Merle Haggard sat amongst four other talented trailblazers Sunday night, December 5, as they became the most recent recipients of the Kennedy Center Honors, awarded by the John F. Kennedy Center for the Performing Arts in Washington, D.C.

As a recipient of the 33rd annual national celebration of the arts, the 73-year-old country legend sat in the balcony of the Kennedy Center Opera House joined by composer and lyricist Jerry Herman, dancer, choreographer and director Bill T. Jones, songwriter and musician Paul McCartney and producer, television host, actress and entrepreneur Oprah Winfrey as they were honored in an all-star performance by their peers. Also in attendance, President and Mrs. Barack Obama, along with Gen. and Mrs. Colin Powell.

As the lights dimmed and the performance began, the evening had a magical feel, with each honoree watching as their friends and colleagues took turns singing their praises in recognition of their respective place in the performing arts. When Merle's tribute began, the 73-year-old was clearly moved to tears.

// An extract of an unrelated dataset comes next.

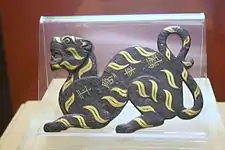 Two-piece tiger tallies (hu-fu, 虎符 in Chinese) were used to verify troop deployment orders from the central government. Left pieces were issued to local commanders, and right pieces were retained by the central government. Government orders were deemed to be authentic if they were accompanied by the right piece matching the recipient's left piece.[4] The word hu-fu first appears in the biography of Hsin-ling in the Records of the Grand Historian, where a stolen tiger tally is used to relieve the state of Zhao.[5] During the Warring States period, this type of fu was made from bronze.[5]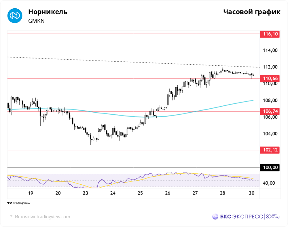 Мнение: БКС Экспресс Краткосрочный анализ акций «Норникеля»: уровни поддержки и сопротивления В пятницу акции «Норникеля» выросли на 1,07% и достигли отметки 111,58 рублей. В выходные бумаги снизились на 0,47% и достигли отметки 111,06 рублей. Объём торгов в пятницу был выше среднего и составил 3,31 млрд рублей. Сегодня утром акции в минусе на 0,2% по сравнению с закрытием воскресенья (есть видео). Краткосрочная картина В пятницу акции поддерживали восходящую динамику рынка. Индекс МосБиржи торговался разнонаправленно. Сам индекс прибавил 0,32% по итогам основной сессии, а на вечерних торгах вырос на 0,99% по сравнению с закрытием четверга. В выходные дни котировки снижались после волнообразного движения в пятницу. Утренние торги начались с отката на 0,6%, который был восстановлен в первые часы основной сессии. Затем акции упали до установленных утром минимумов и снова быстро восстановили потери. На вечерних торгах шаблон повторился, но нисходящее движение не привело к возврату на минимумы дня. Примечательно, что периоды восстановления сопровождались обновлением дневных максимумов. В конце основной сессии акции закрепились выше уровня сопротивления 110,7. Этот уровень выступил поддержкой в единичном случае тестирования, что не снимает вопрос о его устойчивости. Акции приблизились к максимуму начала июня, но для его обновления может не хватить времени. В выходные торги указывали на риск снижения котировок в начале недели. Объём торгов в пятницу оставался высоким, что необычно для конца недели. Стоит отметить, что фундаментально ситуация с ростом цен на ключевые металлы — палладий, платину и медь — остаётся позитивной. Геополитический фон позволяет надеяться на улучшение отношений с США и разрешение конфликта на Украине. Решение совета директоров не выплачивать дивиденды не стало неожиданностью, так как этот фактор был учтён в цене ещё в конце прошлого года. Данные по инфляции подтверждают высокую вероятность дальнейшего снижения ключевой ставки. В совокупности настроения инвесторов могут быть умеренно позитивными по нескольким направлениям. На 4-часовом графике RSI приближается к зоне перекупленности, но на других таймфреймах индекс либо уже вернулся в нейтральную зону, либо ещё не успел из неё выйти. Котировки остаются ниже EMA 200 на дневном и недельном графиках, но на часовом и 4-часовом таймфреймах акции торгуются выше скользящей средней. Внешний фон В пятницу индекс S&P 500 вырос на 0,52%. Фьючерс на S&P 500 прибавил 0,45%. Индексы Азиатско-Тихоокеанского региона торгуются без определённого направления. На мировых рынках утром цены на нефть марки Brent растут на 0,5% и достигают 67,6 долларов за баррель. Уровни сопротивления: 116,1 / 118,2 / 125 Уровни поддержки: 110,7 / 106,7 / 102,1 Долгосрочная картина В феврале 2021 года началась коррекция от исторических максимумов, которая переросла в долгосрочный нисходящий тренд. С тех пор котировки упали более чем на 60% от исторических максимумов. Пологий восходящий тренд, начавшийся в январе 2009 года, был прерван в апреле 2025 года из-за эскалации торговой войны. Следующий пологий тренд проходит через минимум декабря 2025 года на уровне 95. В конце марта 2025 года акции закрепились ниже 200-дневной скользящей средней цены. Долгосрочная техническая картина остаётся негативной, хотя и улучшается благодаря позитивной динамике на рынке пла

Country superstar Vince Gill took his place at the podium on stage to speak about Merle's legacy. "I'm proud to be here to see my old friend -- on a personal note, my lifelong favorite -- Merle Haggard receive this great Kennedy Center Honor," Vince began. "But I really don't know what to say. Merle has already revealed everything we need to know about the man. It's all in his songs. What can I add? I can say that I admire how he writes for all of those who lack voices of their own: society's forgotten or pushed aside. He captures their dignity as they struggle to make ends meet as drifters, factory workers, farmhands, fathers, sons and prisoners-and as they fight the demons we all know.

"His writing is not glamorous; just real," Vince continued. "Hag tells it like it is. He's the 'Poet of the Common Man'. Through words and music, he tells his life story, which is, in many ways, America's story -- a quest for the simple things: a decent job, self-respect, a place to call home. And one common thread through all of it ... is truth."

"This is already more spoken words than you'd hear in a year of Merle Haggard concerts," Vince added, eliciting laughter from the audience. "I know what Merle is thinking right now ... he's thinking, 'Vince, shut the hell up and get to the music.' I'm almost there, Hag. I look up and see this fellow Okie sitting with the President and the First Lady and the others, and all these people here tonight honoring you, and I'm thinking, 'Well, sometimes we get it right. We sure got it right tonight.'"

Each recipient enjoyed a video presentation that covered their humble beginnings and spotlighted their many professional accomplishments. Willie Nelson narrated Merle's biography, as a drop-down video screen revealed photos and video of Merle's life from childhood to present, explaining how his family had traveled west from Oklahoma, driven out of the dust storms and the Great Depression.

"In Oildale, California, they were outsiders, Okies, his father proud, independent, steady as a rock," Willie began in the taped piece. "His sudden death threw a shadow over everything. "I couldn't keep my mind at rest," Merle said as pictures of his childhood began to tell the visual story. "I'd hear the train whistle, grab my guitar and off I'd go."

"All he found was trouble," Willie continued, "petty crimes, two-bit robberies, and a stretch in San Quentin [prison]. Merle swore he'd never lose his freedom again. One night Johnny Cash came to sing for the inmates, and Merle understood that he could find his way with music. The honky-tonks were filled with working folks, whiskey and Saturday nights. Merle didn't talk much but when he sang, they stopped to listen. He started writing about his own life. The words were never fancy, but always true ... Merle's heart always took his voice where it needed to go."

At the end of the video, his surprise guests loaded the stage in twos: Kris Kristofferson and Miranda Lambert began their tribute singing 'Silver Wings.' Vince Gill came back on stage with his friend Brad Paisley to sing 'Workin' Man's Blues,' followed by Sheryl Crow and Willie belting out 'Today I Started Lovin' You Again.'

Willie, Jamey Johnson and Kid Rock sang 'Rambling Fever,' later joined by the whole group to finish out the song with a standing ovation from the entire audience.

Merle joins fellow country stars who have been honored in the past by the Kennedy Center: George Jones (2008), Dolly Parton (2006), Loretta Lynn (2003), Willie Nelson (1998), Johnny Cash (1996), and Roy Acuff (1991).

Oprah was honored by Julia Roberts, Sidney Poitier, John Travolta, Barbara Walters, Jennifer Hudson and Chris Rock. Other celebrities included Edward Albee and Claire Danes honoring Bill T. Jones; Angela Lansbury, Kelsey Grammer, Carol Channing and Chita Rivera honoring Jerry Herman and Alec Baldwin, Dave Grohl, Norah Jones and Steven Tyler honoring Paul McCartney.

The 33rd Annual Kennedy Center Honors will be broadcast on CBS on December 28 at 9:00 PM (ET).